Mungkin kesimpulan itu tidak tepat. Tetapi begitulah, saya melihat ada beberapa kesamaan, misalnya tentang sejarah nabi-nabi. Dalam Injil terdapat kisah para rasul. Begitupun dalam Al-Qur'an. Kebetulan pada saat yang bersamaan materi pelajaran yang saya terima di gereja dan di sekolah hampir lama, yakni pembahasan tentang sejarah nabi. Bedanya, di gereja menurut versi Injil, sedangkan di sekolah versi AlQur'an. Sehingga, jika guru agama di sekolah melempar pertanyaan, saya sering menjawabnya. Tentu saja, itu membuat kawan-kawan saya heran.

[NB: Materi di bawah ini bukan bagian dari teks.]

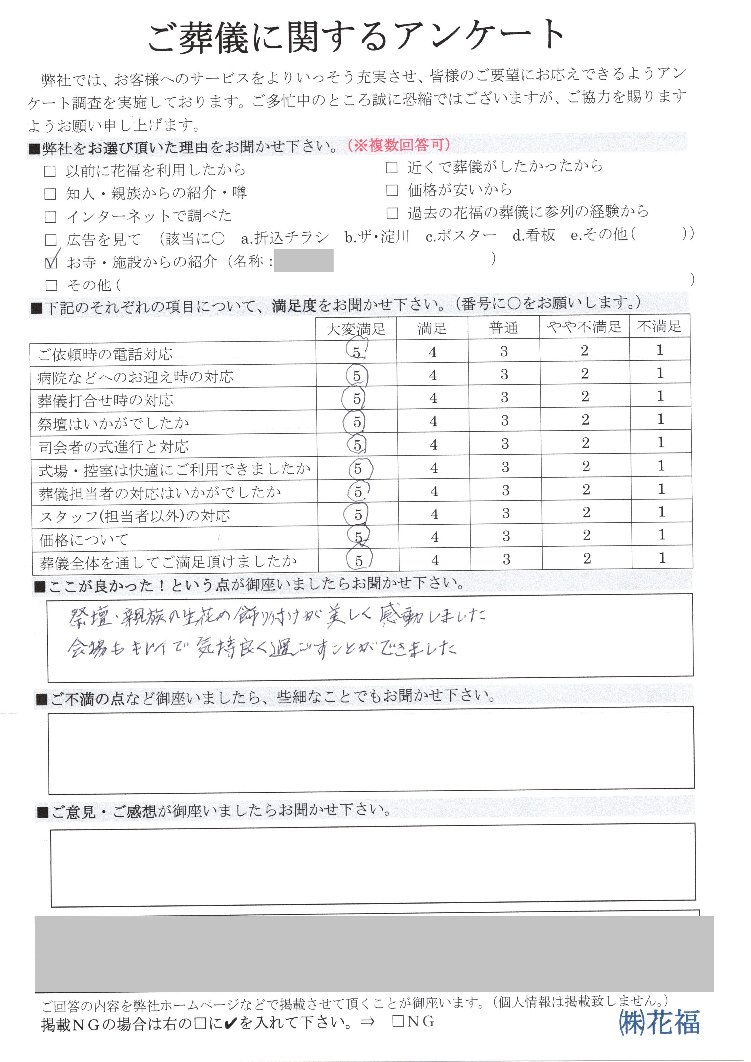 お客様の声 HOME お客様の声 大阪市淀川区東三国 K様 祭壇、親族の生花の飾り付けが美しく感動しました 会場もキレイで気持ち良く過ごすことができました 大阪市淀川区東三国 K様祭壇、親族の生花の飾り付けが美しく感動しました 会場もキレイで気持ち良く過ごすことができました ご利用プラン 一日葬ベーシック55 ご利用式場 家族葬ホール みくにの里 お住まいの地域 大阪市淀川区東三国 K様 祭壇、親族の生花の飾り付けが美しく感動しました 会場もキレイで気持ち良く過ごすことができました

Tetapi, ada sesuatu yang sangat mendasar yang membedakan antara Kristen dan Islam, yaitu konsep ketuhanannya. Kristen menjabarkan pengertiaan keesaan Tuhan pada konsep Trinitas. Terus terang, ini sesuatu yang amat rumit untuk dijelaskan.

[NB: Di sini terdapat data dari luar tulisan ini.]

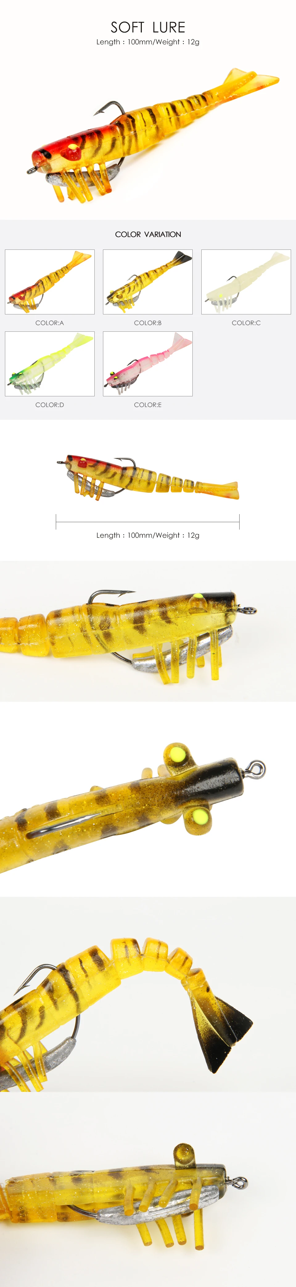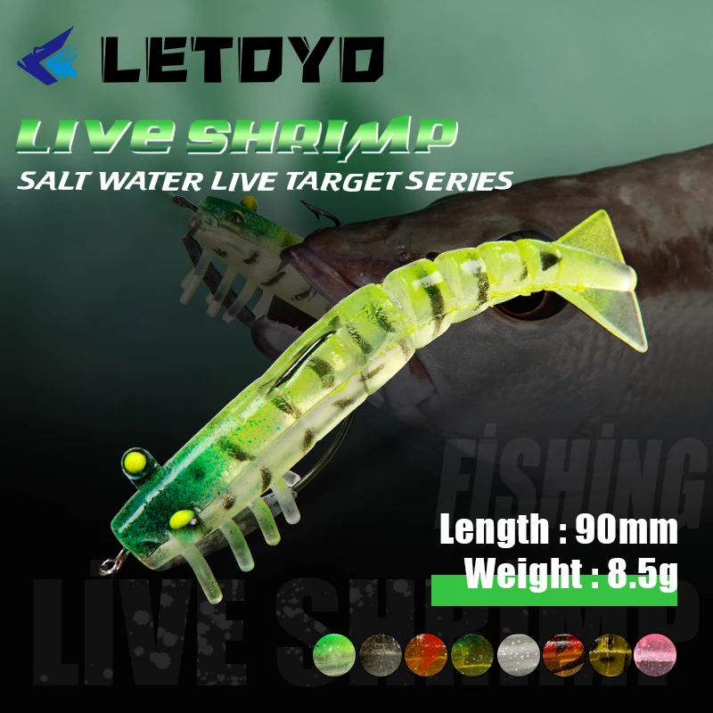LETOYO-señuelo de pesca de gambas con sonajero, 100mm, 90mm, camarones suaves, Señuelos de Pesca de Mar, cebo de silicona giratorio Artificial, pesca en roca

Bagaimana mungkin menjelaskan wujud Tuhan Yang Esa dalam tiga oknum yang terpisah (Tuhan Bapa, Tuhan Anak, dan Roh Kudus). Sedangkan, Islam memiliki konsep ketuhanan yang amat sederhana, tetapi jelas dan tegas. Tauhid sebagai konsep ketuhanan kaum muslimin menegaskan bahwa Allah adalah Esa. la tidak beranak, dan tidak pula diperanakkan. Dan, tidak ada sesuatu pun yang menyerupai-Nya.
Penjelasan konsep tauhid oleh guru agama di SMEA tempat saya sekolah itu, menurut saya lebih masuk akal ketimbang penjelasan konsep trinitas yang disampaikan pendeta di gereja. Sejak itu saya menjadi malas pergi ke gereja. Itu terjadi pertengahan 1990, tidak lama setelah oma yang saya cintai meninggal dunia. Terus terang, saya semakin rajin ke gereja karena dorongan beliau. Dan setelah beliau wafat, rasanya tidak ada lagi ikatan batin yang menghubungkan saya dengan gereja.

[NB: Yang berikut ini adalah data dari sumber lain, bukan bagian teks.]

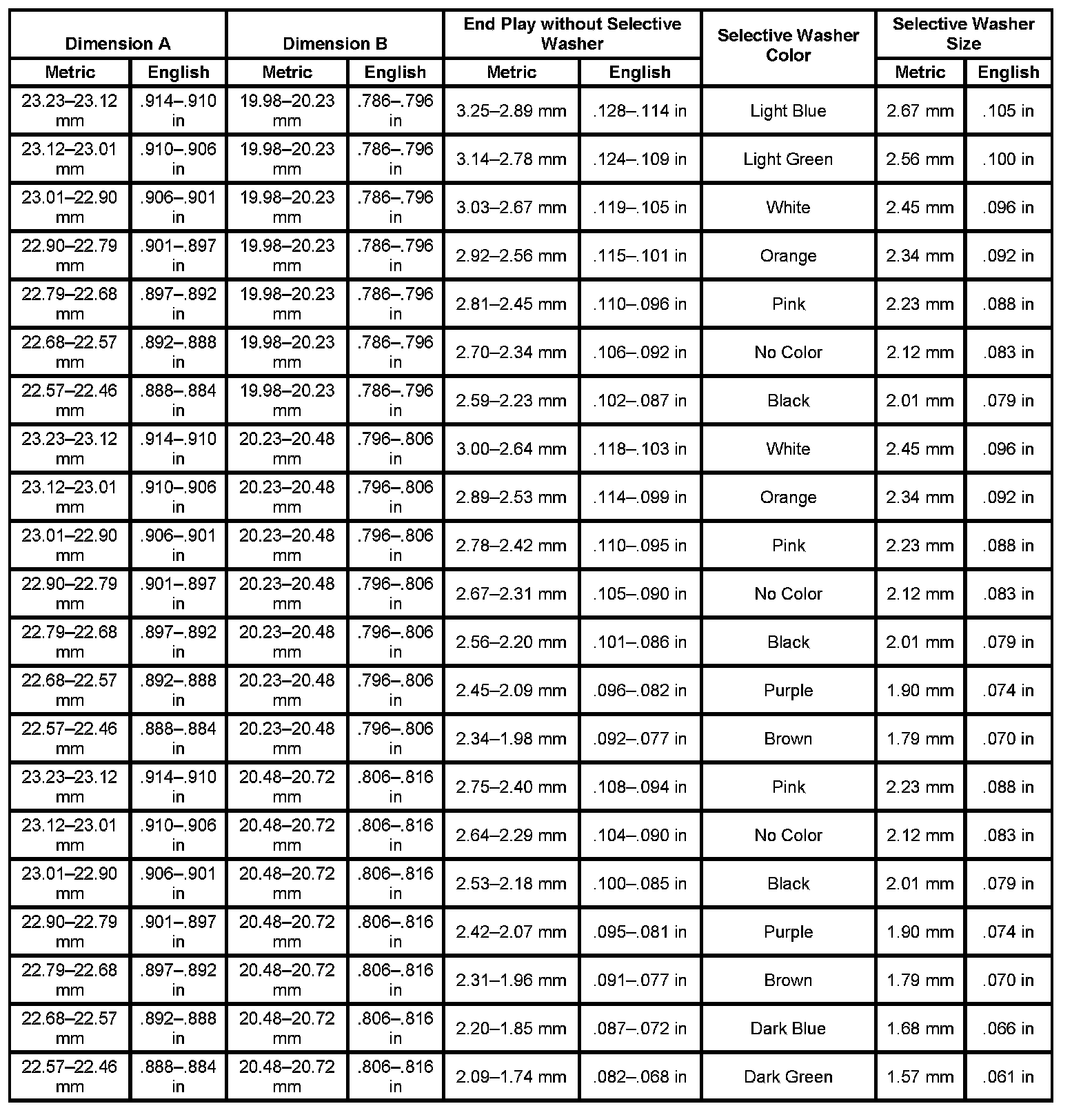 Transfer Case Selective Washer Specifications:

Setelah itu, saya menarik diri dari semua kegiatan gereja. Mama pun, karena faktor kesehatannya mulai jarang mengikuti kebaktian. Dalam kondisi seperti itu, saya lebih banyak berdiam diri di rumah. Pada suatu hari, teman main saya memperkenalkan saya dengan seorang pemuda. Nama-nya Harris. Dari wajahnya saya menduga ia peranakan Tionghoa.
Mimpi Membaca Al-Qur'an
Kurang lebih seminggu setelah perkenalan dengan Harris, saya bermimpi didatangi seorang tua yang berjubah putih. Dalam mimpi itu saya mengenakan jilbab (kerudung panjang yang menutupi leher dan dada), sedangkan Harris, mengenakan kopiah hitam. Kami duduk bersila berdampingan. Tanpa berbicara sepatah pun, orang tua berjubah itu pun memberikan saga sebuah buku yang ternyata adalah Kitab Suci AlQur'an. Dengan bahasa isyarat ia menyuruh saya untuk membacanya. Aneh, ternyata saya begitu lancar membacanya. Saya terus membaca, sampai akhirnya saya terjaga dari tidur. Hari masih gelap, karena belum masuk waktu subuh.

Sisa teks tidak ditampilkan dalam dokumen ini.